2x 80mm air inlet filters and 1x 80mm hi cfm exhaust fan will hopefully provide enough circulation to keep temperatures in check , during the summer months.
the set-up flows enough air to hold a loose fitting hdf test cover,in place, with the whole false floor turned upside down.


----------



## rain27 (Jan 15, 2009)

did you remove the spare?


----------



## IBcivic (Jan 6, 2009)

rain27 said:


> did you remove the spare?


no. the spare will remain 1>it's the law & 2>i do alot of long distance driving....i couldnt see myself w/o a spare crossing the adirondacks @ night

i did have to raise the floor level by roughly 2 inches to clear the spare tire. the styrofoam tool tray had to be removed from the tire well to give me as much clearence as possible ,so i had to store the hardware in a canvas pouch,that is wedged between the well and the spare tire tread[for now]


----------



## rain27 (Jan 15, 2009)

I see. I was wondering how you got all that in there, as when I thought doing that there wasn't much clearance in the civic. Good to know you can do it without removing the important stuff.


----------



## IBcivic (Jan 6, 2009)

i was test fitting my floor and clicked a few pics before the sun vanished... it was pretty darn cold and windy so i did not take the time to re-arrange the clutter in the spare tire well.
the wiring in the well is left-overs from the previous set-up...just waiting for a warm sunny day to tear it all out.
1st pic is the false floor in place,2nd pic is floor raised to access the spare, 3rd partially lowered.

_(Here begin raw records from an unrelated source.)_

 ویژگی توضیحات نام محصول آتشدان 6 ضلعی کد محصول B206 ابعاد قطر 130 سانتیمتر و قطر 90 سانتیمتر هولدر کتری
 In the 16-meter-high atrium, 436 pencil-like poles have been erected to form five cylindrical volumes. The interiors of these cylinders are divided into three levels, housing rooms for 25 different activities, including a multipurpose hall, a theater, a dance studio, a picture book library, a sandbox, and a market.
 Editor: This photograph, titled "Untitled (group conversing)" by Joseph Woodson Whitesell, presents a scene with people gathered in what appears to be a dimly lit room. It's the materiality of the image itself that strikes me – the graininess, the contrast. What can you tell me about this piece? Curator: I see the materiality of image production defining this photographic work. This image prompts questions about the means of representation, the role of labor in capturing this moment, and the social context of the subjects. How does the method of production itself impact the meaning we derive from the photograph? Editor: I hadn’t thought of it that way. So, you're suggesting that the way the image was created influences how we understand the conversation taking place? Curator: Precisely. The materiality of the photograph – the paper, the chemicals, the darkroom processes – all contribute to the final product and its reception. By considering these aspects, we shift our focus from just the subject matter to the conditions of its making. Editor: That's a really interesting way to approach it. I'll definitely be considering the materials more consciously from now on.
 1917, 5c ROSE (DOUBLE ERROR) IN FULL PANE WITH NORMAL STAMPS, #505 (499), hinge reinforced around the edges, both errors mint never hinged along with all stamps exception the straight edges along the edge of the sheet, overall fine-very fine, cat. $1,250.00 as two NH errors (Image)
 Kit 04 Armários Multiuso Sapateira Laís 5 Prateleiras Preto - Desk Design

the weidmuller 24 pin connector[pic 3] is for my speaker connections it was a "free-bee" from the shop. it will make servicing a hell of alot easier.


----------



## rain27 (Jan 15, 2009)

very cool install of the amps...they look huge, so there probably weren't a ton of options for mounting them otherwise i would guess


----------



## IBcivic (Jan 6, 2009)

rain27 said:


> very cool install of the amps...they look huge, so there probably weren't a ton of options for mounting them otherwise i would guess


a small trunk makes everything look huge....
the 5.1k amp is only 23 inches long[approx].

i am trying to retain as much functionality as possible ,otherwise the layout would be much different.

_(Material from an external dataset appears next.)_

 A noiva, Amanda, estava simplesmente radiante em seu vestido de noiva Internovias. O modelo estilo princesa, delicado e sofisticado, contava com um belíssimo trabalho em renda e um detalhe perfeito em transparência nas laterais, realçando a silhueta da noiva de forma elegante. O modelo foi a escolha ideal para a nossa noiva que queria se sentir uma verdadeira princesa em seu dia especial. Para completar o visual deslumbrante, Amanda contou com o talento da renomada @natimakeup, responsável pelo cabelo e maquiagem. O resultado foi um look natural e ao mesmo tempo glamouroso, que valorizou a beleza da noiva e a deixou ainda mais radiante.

i can still fit 1 full size up-right suitcase ,1 large tool bag and my 17''computor bag...thats all that matters

btw,t-y for my first compliment.


----------



## MaXaZoR (Apr 1, 2007)

I really like that ipod holder, keep it up.


----------



## IBcivic (Jan 6, 2009)

thanx maxazor ...here is a pic w/out the i-pod. i used the back half of a plastic i-pod 160g case to form the cradle. took longer for the glue to dry ,than it was to build the whole thing.

i am eventually going to re-upholster the arm rest and a few other parts....the imitation ''mouse-skin'' fabric just doesnt cut it for me


----------



## KnightWhoSaysNI (Jul 23, 2007)

nice work! I like i! Especally the ipod integration, looks stock


----------



## IBcivic (Jan 6, 2009)

KnightWhoSaysNI said:


> nice work! I like i! Especally the ipod integration, looks stock


thanx,i got the idea after sitting in a car built/tuned by jeff smith at a car show in s-carolina. one of the coolest dudes i've ever met and his builds sound/look amazing.


----------



## Fran82 (Jul 30, 2007)

I like the idea of the pink insulation board sandwiched between 1/8". Hadn't thought of that. Looks pretty solid, and light weight is always good.


----------



## IBcivic (Jan 6, 2009)

Fran82 said:


> I like the idea of the pink insulation board sandwiched between 1/8". Hadn't thought of that. Looks pretty solid, and light weight is always good.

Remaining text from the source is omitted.